Other funding will go to radio ads and field operations.
“Our internal polling shows an appetite among Hoosiers for a conservative that has the temperament, judgment and knowledge of policy and law to be president,” said Kellyanne Conway, the political action committee’s director of research and media outreach, in a written statement. “Sen. Cruz is the only candidate that fits those qualifications.”
And Club for Growth Action, a political arm of the conservative Club for Growth, began airing ads in Indiana on Friday as well. That group said it plans to spend about $1.5 million on ad buys throughout the state.
“Indiana is facing a unique moment in history: the opportunity to stop Donald Trump,” said Club for Growth Action President David McIntosh, a former Indiana congressman.
“After success with our ads in Wisconsin, Iowa, Oklahoma, and Utah, CFG Action is about to blanket the Hoosier State with a simple message: To stop Trump, vote Cruz,” McIntosh said in a statement. “There is now no state more important than Indiana for electing Cruz and keeping Trump from reaching 1,237.”
Trusted Leadership is a merger of several other pro-Cruz PACs, all that in some way share the name Keep the Promise.
The PAC has not only attacked Republican frontrunner Donald Trump but also Ohio Gov. John Kasich, who has remained in the GOP race even though he has no chance of winning a majority of delegates. Kasich is hoping for a brokered convention in which no candidate wins on the first ballot, opening up the contest to other options.
But Conway said in a statement that Kasich “cannot beat Hillary Clinton because he is too much like her on core issues—like Obamacare.”
“Voters deserve to know this,” she said. “The way Kasich embraced and expanded Obamacare has cost Ohioans $7 billion.”

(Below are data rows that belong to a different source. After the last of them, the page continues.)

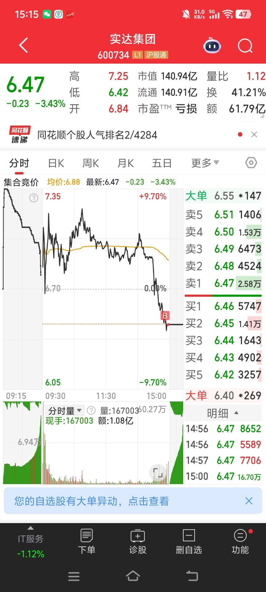 $实达集团(SH600734)$ 休息了两天,今天终于出手两次小试牛刀!我的模式就是等一个急跌,今天这两只票符合,但是身处情绪退潮期,因此仓位并不多。(个人投资记录,切勿模仿)。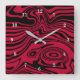 Horloge Carrée Abstract Warped Black & Red Lines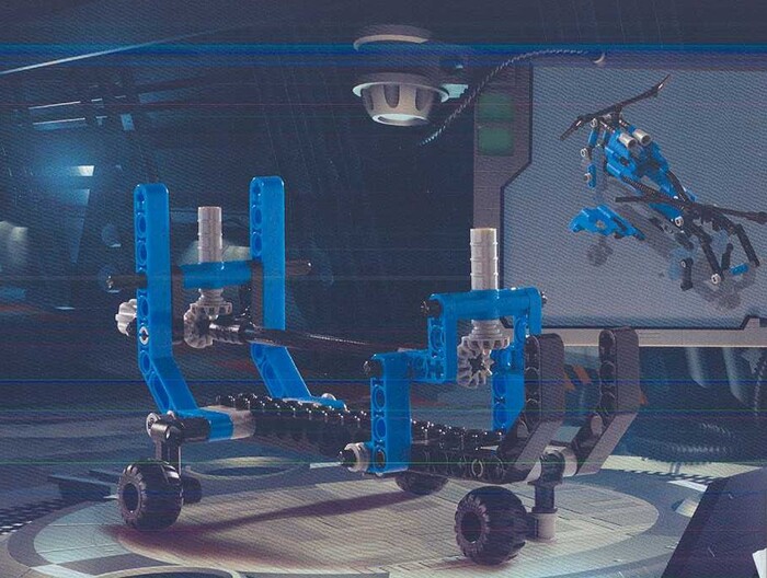 Эти здоровенные колеса конечно интересно смотрятся, но в целом сборка совершенно примитивная. Но при этом момент с мотора передается через какой-никакой редуктор, мотоцикл едет вперед и не падает, за счет клыков из бионикла довольно стильно выглядит, хотя по сути функция у него всего одна, ехать вперед. Изначально к нему еще должна прилагаться картонная рампа, но она явно погибла у прошлого владельца этого набора. Единственный вопрос, который у меня возник, это почему белый лифтарм на три ставится по инструкции принтом вниз. В обоих наборах есть эти детали с принтом 40 лет техник, но в вертушке надпись читается, а тут почему-то спрятана.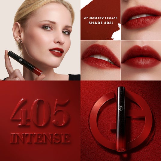 #405 Iは、「リップ マエストロ」のアイコニックなカラーであるリッチなオレンジレッドの#405にインスパイアされた本コレクションのための新色です。オリジナルのシェードよりさらに深い発色で、スタイルが宿るリッチな仕上がりに導きます。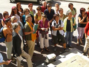 La relatrice Erni Kutter (al centro con il foulard) durante una tappa a Brunico.

Under Kasich, Ohio used the Affordable Care Act to expand it Medicaid program, something the Republican governor has said made real improvements in people’s lives.
In other states, including Wisconsin, Trusted Leadership has run ads attacking Kasich as a “liberal governor.”
According to OpenSecrets.org, which tracks political spending, Trusted Leadership has spent nearly $2.5 million on the presidential race so far this year. Club for Growth Action has spent more than $9 million.
A new public poll out Friday from WTHR/Howey Politics Indiana shows potentially tight Republican and Democratic contests in Indiana, with Trump and Clinton holding slight leads in their respective races.
So far, the candidates and PACs have spent more than $856,000 on TV ads in the Indianapolis media market, according to an IBJ analysis of Federal Communications Commission filings. That includes about $73,000 in ads purchased by Trusted Leadership and nearly $250,000 purchased by Club for Growth Action, although that only covers Central Indiana. It’s likely not all the spending has been reported.